SDNY Grants DOJ's Request To Add Bank Executive To Pending FCA/FIRREA Litigation

DOJ FHA False Claims Act / FIRREA

Courts

On December 12, the U.S. District Court for the Southern District of New York granted the DOJ’s motion to add a bank executive to a civil fraud suit it filed over a year earlier against a mortgage lender alleged to have falsely certified loans under the FHA’s Direct Endorsement Lender Program. U.S. v. Wells Fargo Bank, N.A., No. 12-7527, slip op. (S.D.N.Y. Dec. 12, 2013). The government alleges that the bank’s vice president in charge of quality control purposefully failed to self-report bad loans to HUD, despite having knowledge of HUD’s reporting requirements, and that he signed annual certifications misrepresenting to HUD that the bank complied with those reporting requirements.

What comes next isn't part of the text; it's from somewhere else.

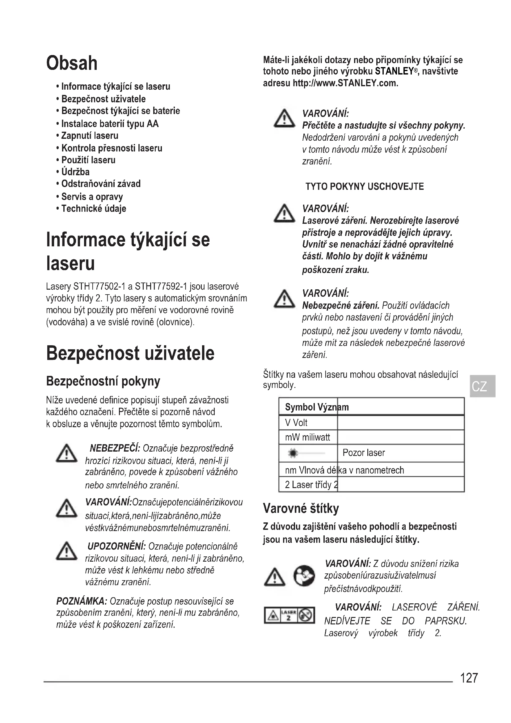 - Technické údaje Informace týkající se laseru Lasery STHT77502-1 a STHT77592-1 jsou laserové výrobky třídy 2. Tyto lasery s automatickým srovnáním mohou být použity pro měření ve vodorovné rovině (vodováha) a ve svislé rovině (olovnice). Bezpečnost uživatele Bezpečnostní pokyny Níže uvedené denice popisují stupeň závažnosti každého označení. Přečtěte si pozorně návod k obsluze a věnujte pozornost těmto symbolům. NEBEZPEČÍ: Označuje bezprostředně hrozící rizikovou situaci, která, není-li jí zabráněno, povede k způsobení vážného nebo smrtelného zranění. VAROVÁNÍ: Označuje potenciálně rizikovou situaci, která, není-li jí zabráněno, může vést k vážnému nebo smrtelnému zranění. UPOZORNĚNÍ: Označuje potencionálně rizikovou situaci, která, není-li ji zabráněno, může vést k lehkému nebo středně vážnému zranění. POZNÁMKA: Označuje postup nesouvisející se způsobením zranění, který, není-li mu zabráněno, může vést k poškození zařízení. Máte-li jakékoli dotazy nebo připomínky týkající se tohoto nebo jiného výrobku STANLEY

The court agreed with the government’s contentions that amending the complaint to add the individual defendant was permissible because (i) the bank would not be unduly prejudiced because the allegations were already at issue in the pending suit and the parties had yet to begin discovery; (ii) the claims that the government would assert were not futile, as the court had already ruled on the validity of the government’s theories of liability under the FCA and FIRREA, and the new defendant would have the opportunity to seek dismissal on other grounds; (iii) there had been no undue delay, because the government had not received authority to add the executive until after the bank’s motion to dismiss was fully submitted, and had not made a final determination to bring the proposed action against the executive until the day it informed the bank of its intention to do so; and (iv) the interests of judicial economy supported joinder insofar as a separate suit against the executive for conduct already at issue here would have been inefficient. The court did not address the bank’s argument that the government knew sooner of its authority to add the executive, ultimately and improperly electing to do so because the bank suspended settlement negotiations.